| Work instruction |
Everything from the line that contains "Kadın Turuncu cüzdan" to the final line of the data, both ends included, must be set down exactly, apart from the pictures.

| Collected data |
....

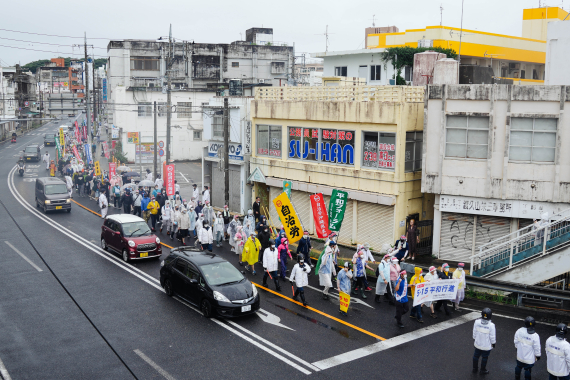 图为2022年5月14日,约70个团体、1000人在驻日美军普天间基地到嘉手纳基地约九公里的路段上参加“和平行进”游行,呼吁减轻美军基地给当地带来的负担。(新华社记者张笑宇摄)
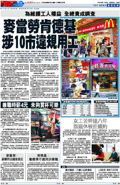 【本報北京新聞中心記者軼瑋1日電】麥當勞、肯德基日前被揭在廣東違規用工後,這兩家企業隨後被發現在多市的工資普遍低於當地法定最低工資標準。據《新快報》報道,包括北京、上海、天津、太原在內,至少有超過10個城市的麥當勞、肯德基等快餐巨頭企業在當地用工時,其非全日制小時工資水平涉嫌違反當地最低小時工資標準。中華全國總工會(簡稱全總)相關官員今日向本報表示,已責成廣東省總工會調查。該官員還表示,若情況屬實,工會將與企業交涉,要求麥當勞、肯德基盡快採取措施,維護工人合法權益。
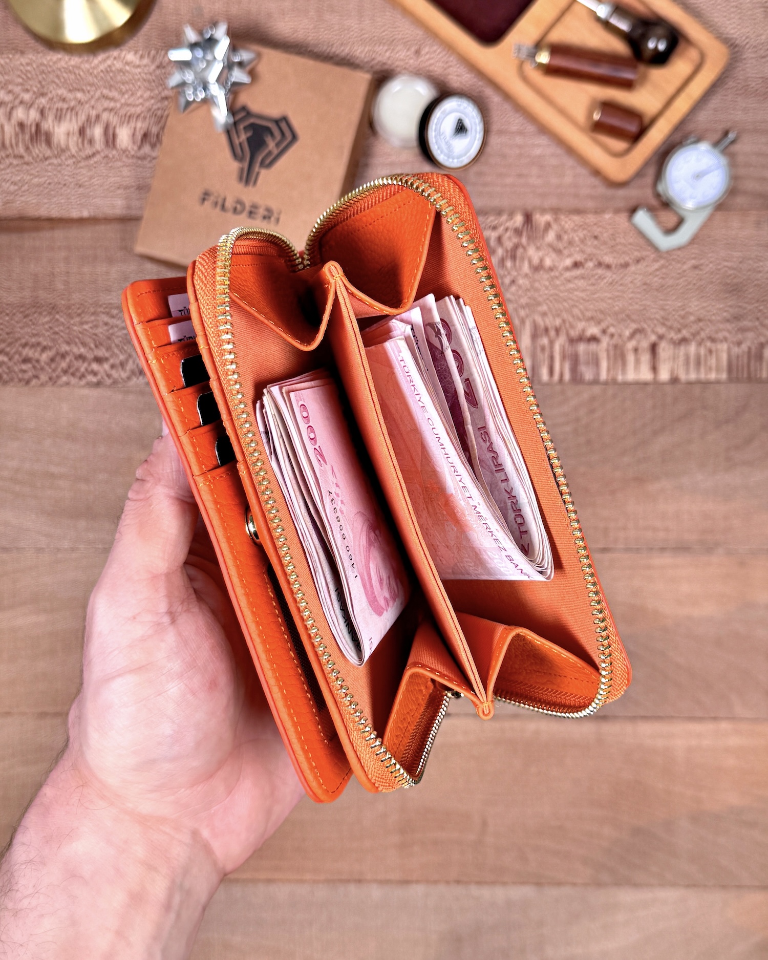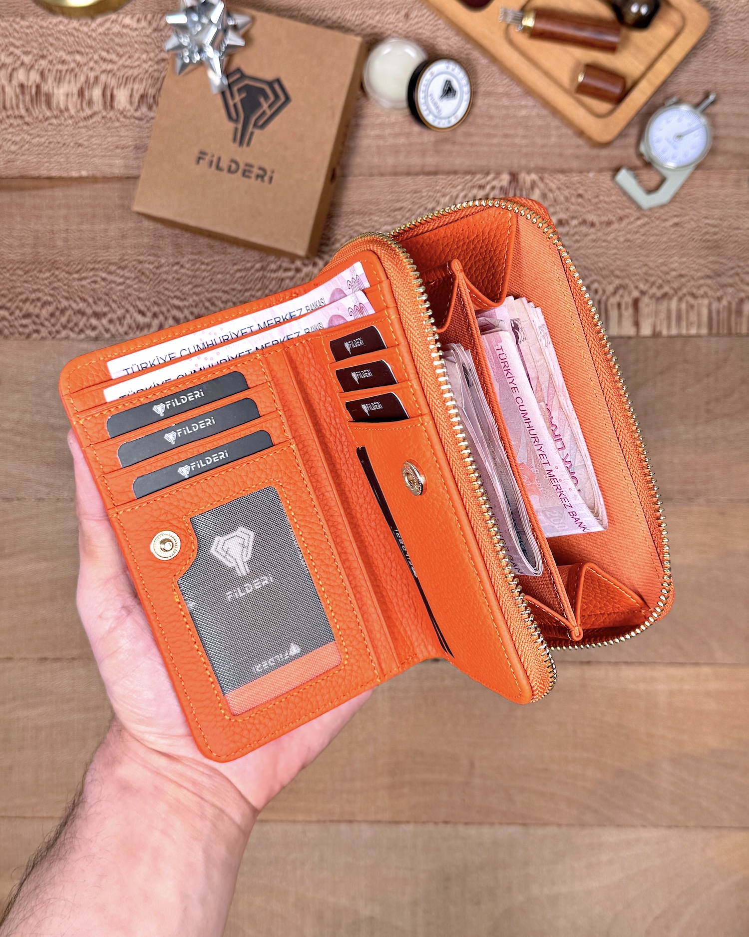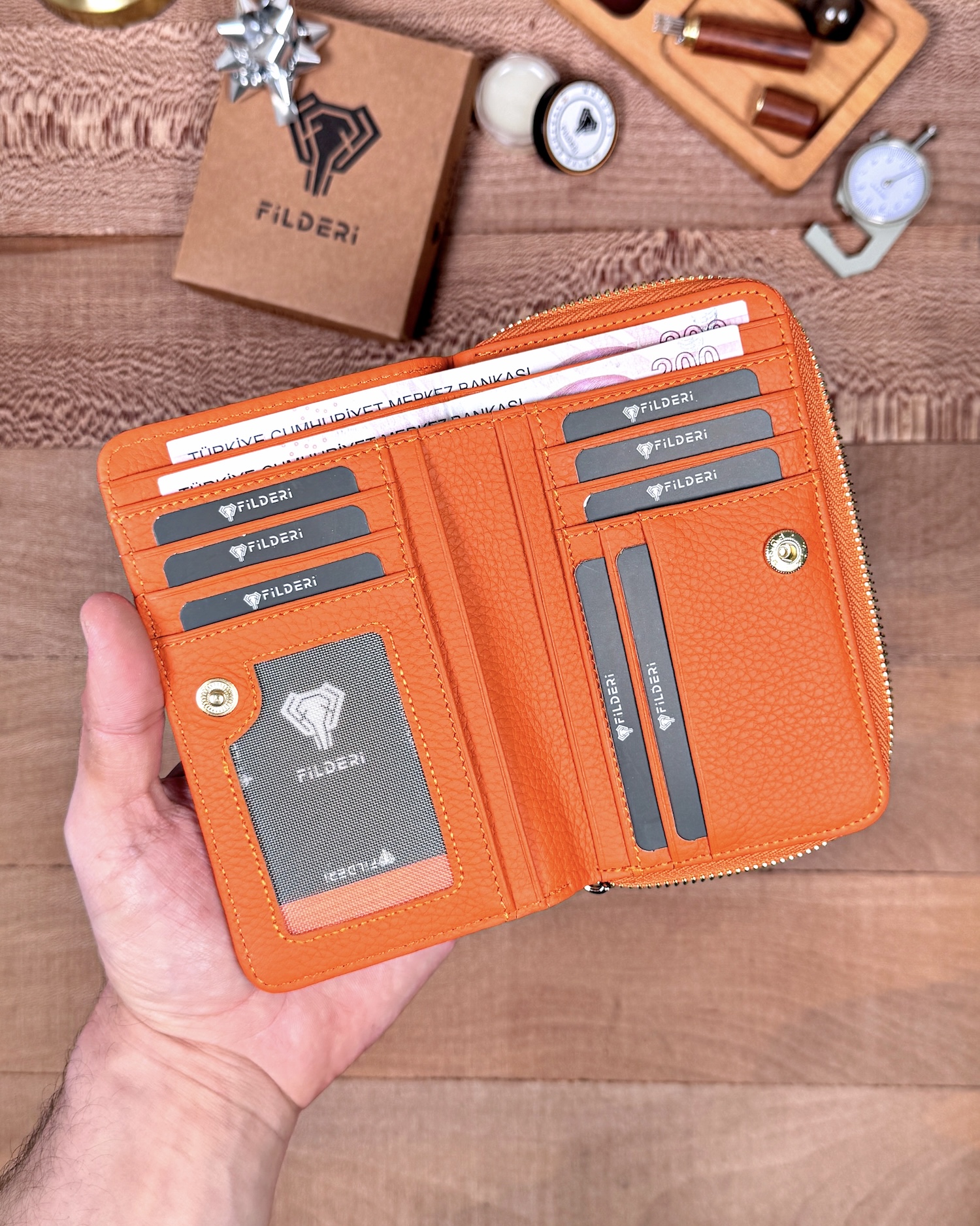 Kadın Turuncu cüzdan tercih edenlere hitap eder; doğum günü, anneler günü ya da yılbaşı gibi anlamlı günlerde tercih edilebilir. Fil deri kadın cüzdan koleksiyonlarının en seçkin parçalarından biridir.
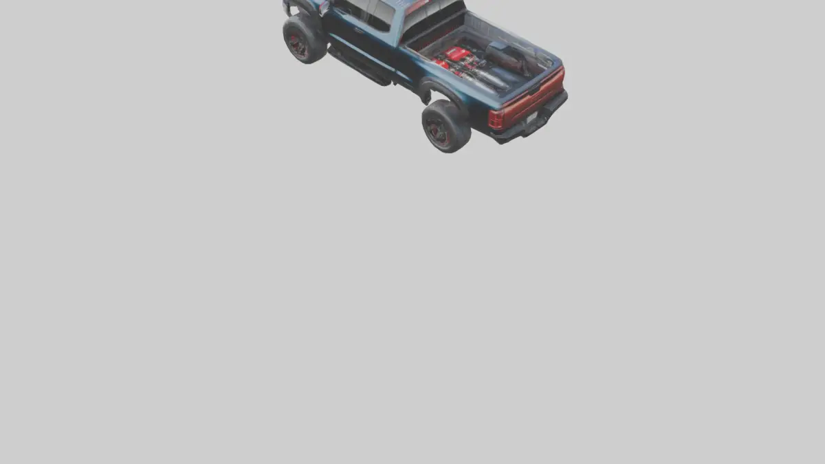 [High-performance pickup truck model featuring a supercharger, designed for realistic 3D rendering and animation.] Available file formats: FBX, OBJ, STL, GLB, USDZ, BLEND.

....

| Expected answer |
 Kadın Turuncu cüzdan tercih edenlere hitap eder; doğum günü, anneler günü ya da yılbaşı gibi anlamlı günlerde tercih edilebilir. Fil deri kadın cüzdan koleksiyonlarının en seçkin parçalarından biridir.
 [High-performance pickup truck model featuring a supercharger, designed for realistic 3D rendering and animation.] Available file formats: FBX, OBJ, STL, GLB, USDZ, BLEND.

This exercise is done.